Tratamento da ICFER: Os Quatro Pilares da Terapia Crônica

SES-DF - Secretaria de Estado de Saúde do Distrito Federal — Prova 2025

Enunciado

Uma paciente de 65 anos de idade, com histórico de (hipertensão e diabetes) procurou atendimento com dispneia progressiva nos últimos seis meses, ortopneia e episódios de edema em membros inferiores. Relatou que o quadro piorou nas últimas 24 horas, com necessidade de dormir sentada. Ao exame físico, a paciente apresentou FC = 110 bpm, FR 24 irpm, SatO2 = 91%, em ar ambiente e PA = 140 mmHg X 90 mmHg. Mostrou também estase jugular positiva a 45°, hepatomegalia palpável, edema +3 em membros inferiores e crepitantes bibasais na ausculta pulmonar. O ecocardiograma evidenciou fração de ejeção do ventrículo esquerdo reduzida (35%). Após estabilização inicial da paciente do referido caso clínico, qual terapia deve ser priorizada para o manejo crônico?

Alternativas

  1. A) Vasodilatadores intravenosos contínuos em longo prazo.
  2. B) Uso isolado de digoxina para controle da função ventricular.
  3. C) Exclusivamente diuréticos de alça para manejo de sintomas.
  4. D) Espironolactona, betabloqueador, IECA e dapagliflozina.

Pérola Clínica

ICFER (FEVE ≤ 40%) → Quádrupla Terapia: IECA/BRA/ARNI + BB + ARM + iSGLT2.

Resumo-Chave

O tratamento da IC com fração de ejeção reduzida baseia-se nos quatro pilares farmacológicos que comprovadamente reduzem a mortalidade e hospitalizações.

Contexto Educacional

A fisiopatologia da ICFER envolve a ativação crônica do sistema renina-angiotensina-aldosterona e do sistema nervoso simpático, levando ao remodelamento ventricular mal-adaptativo. O tratamento moderno foca em antagonizar essas vias. A paciente do caso apresenta sinais clássicos de descompensação (perfil B - quente e úmido) e, após a estabilização com diuréticos e suporte, deve receber a terapia otimizada. A introdução da dapagliflozina mudou o paradigma, mostrando que o benefício metabólico e hemodinâmico desses fármacos é independente do controle glicêmico.

Perguntas Frequentes

O que compõe a 'quádrupla terapia' na ICFER?

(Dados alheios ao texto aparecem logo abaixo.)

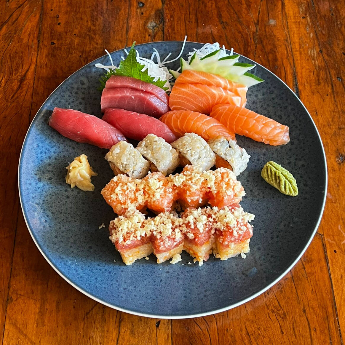 2 sashimi de salmão, 2 sashimi de atum, 2 Niguiri atum, 2 niguiri salmão, 4 uramaki salmão, 4 - batera salmão, 4 batera de atum spicy
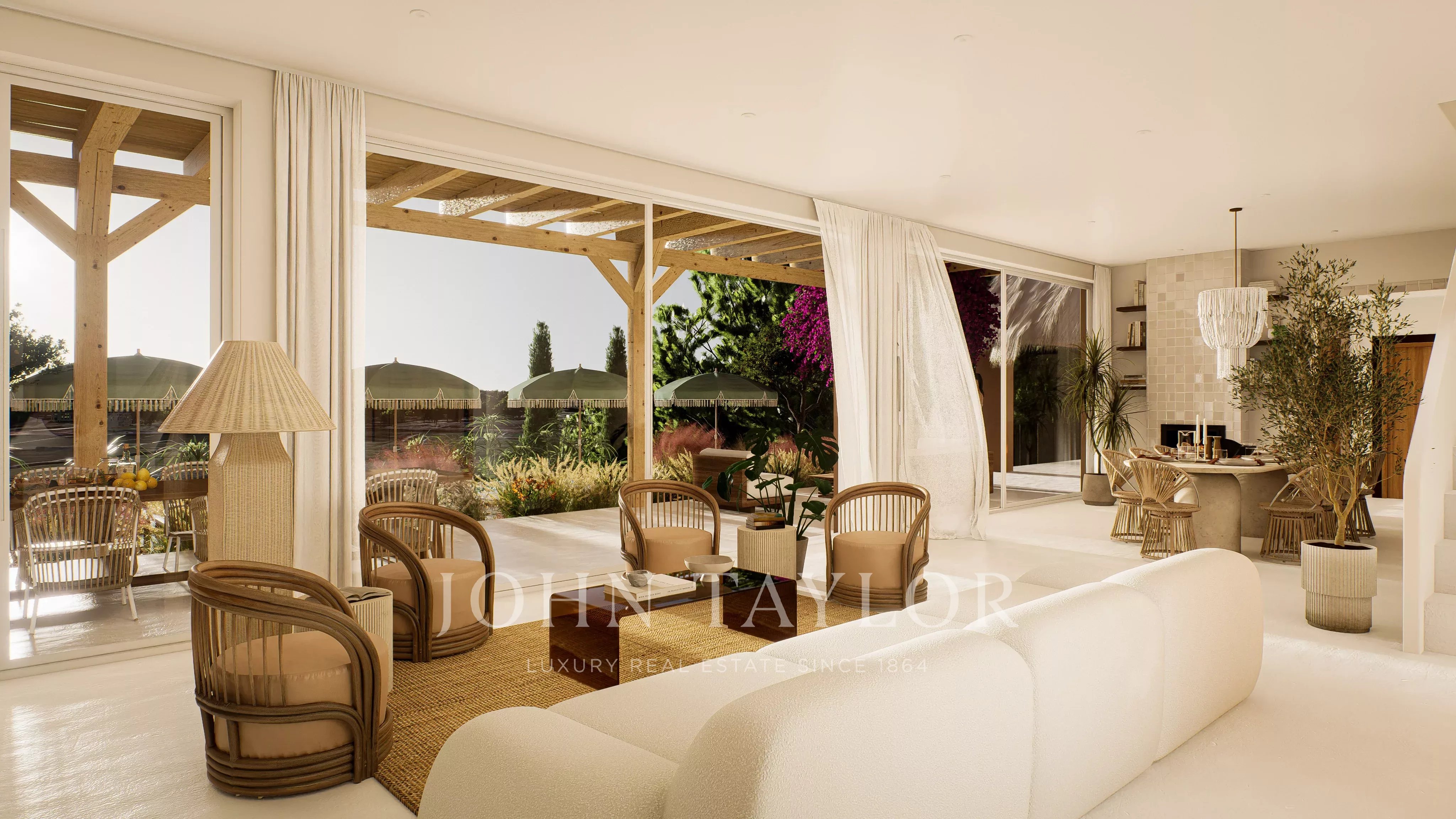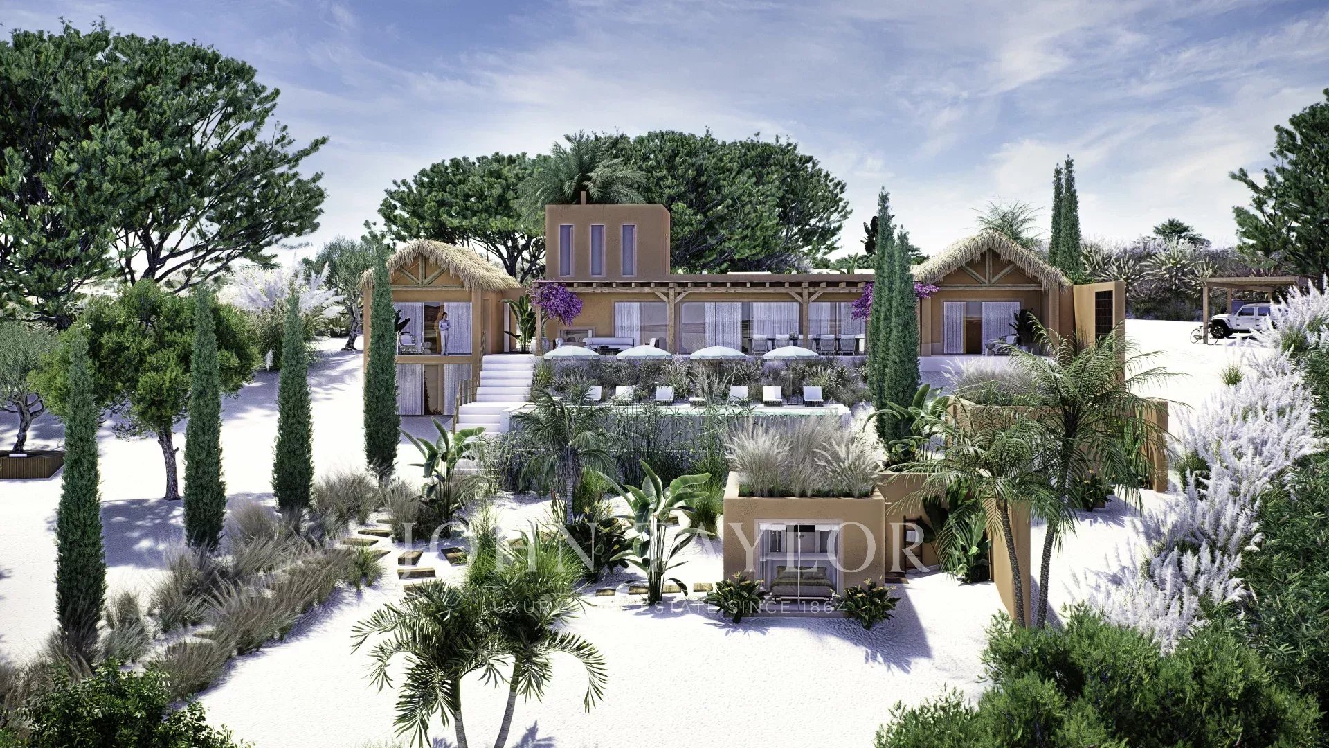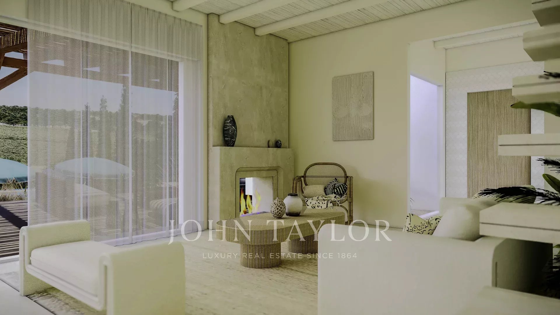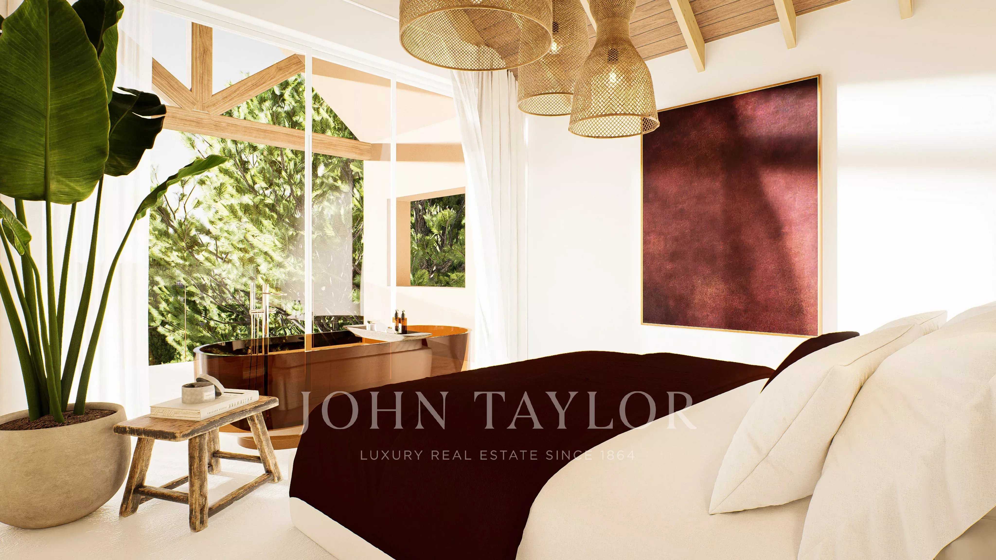 Conçue avec une architecture contemporaine, la propriété se compose d’une villa principale et de deux cabanes indépendantes pour les invités. La villa principale comprend trois suites, une cuisine ouverte avec espace repas et salon, trois terrasses, un rooftop et une salle de sport. Chaque cabane dispose d’une suite et d’une terrasse privative. La propriété est vendue entièrement meublée et comprend également une cave à vin extérieure.

A quádrupla terapia, também conhecida como os 'quatro pilares' do tratamento da Insuficiência Cardíaca com Fração de Ejeção Reduzida (ICFER), consiste em: 1) Inibidores da Enzima Conversora de Angiotensina (IECA), Bloqueadores dos Receptores de Angiotensina (BRA) ou, preferencialmente, Inibidores da Neprilisina e do Receptor de Angiotensina (ARNI); 2) Betabloqueadores (especificamente Carvedilol, Metoprolol ou Bisoprolol); 3) Antagonistas do Receptor de Mineralocorticoide (como a Espironolactona); e 4) Inibidores da SGLT2 (Dapagliflozina ou Empagliflozina). Juntas, essas classes promovem bloqueio neuro-hormonal e metabólico, reduzindo drasticamente a mortalidade.

Qual o papel dos diuréticos de alça no manejo crônico da IC?

Os diuréticos de alça, como a Furosemida, são fundamentais para o controle de sintomas congestivos (edema, dispneia, ortopneia) e para manter a euvolemia. No entanto, eles não demonstraram redução de mortalidade a longo prazo na ICFER. Por isso, devem ser utilizados na menor dose necessária para manter o paciente seco, permitindo a introdução e titulação das drogas modificadoras de doença (os quatro pilares), que são as verdadeiras responsáveis por evitar o remodelamento cardíaco e prolongar a vida.

Quando iniciar os inibidores da SGLT2 na insuficiência cardíaca?

As diretrizes atuais recomendam o início precoce de inibidores da SGLT2 (Dapagliflozina ou Empagliflozina) para todos os pacientes com ICFER (FEVE ≤ 40%), independentemente da presença de Diabetes Mellitus. Eles podem ser iniciados assim que o paciente estiver estabilizado hemodinamicamente, muitas vezes ainda durante a internação por descompensação. Além de reduzirem hospitalizações por IC e morte cardiovascular, apresentam benefícios na proteção renal, o que é crucial no paciente com síndrome cardiorrenal.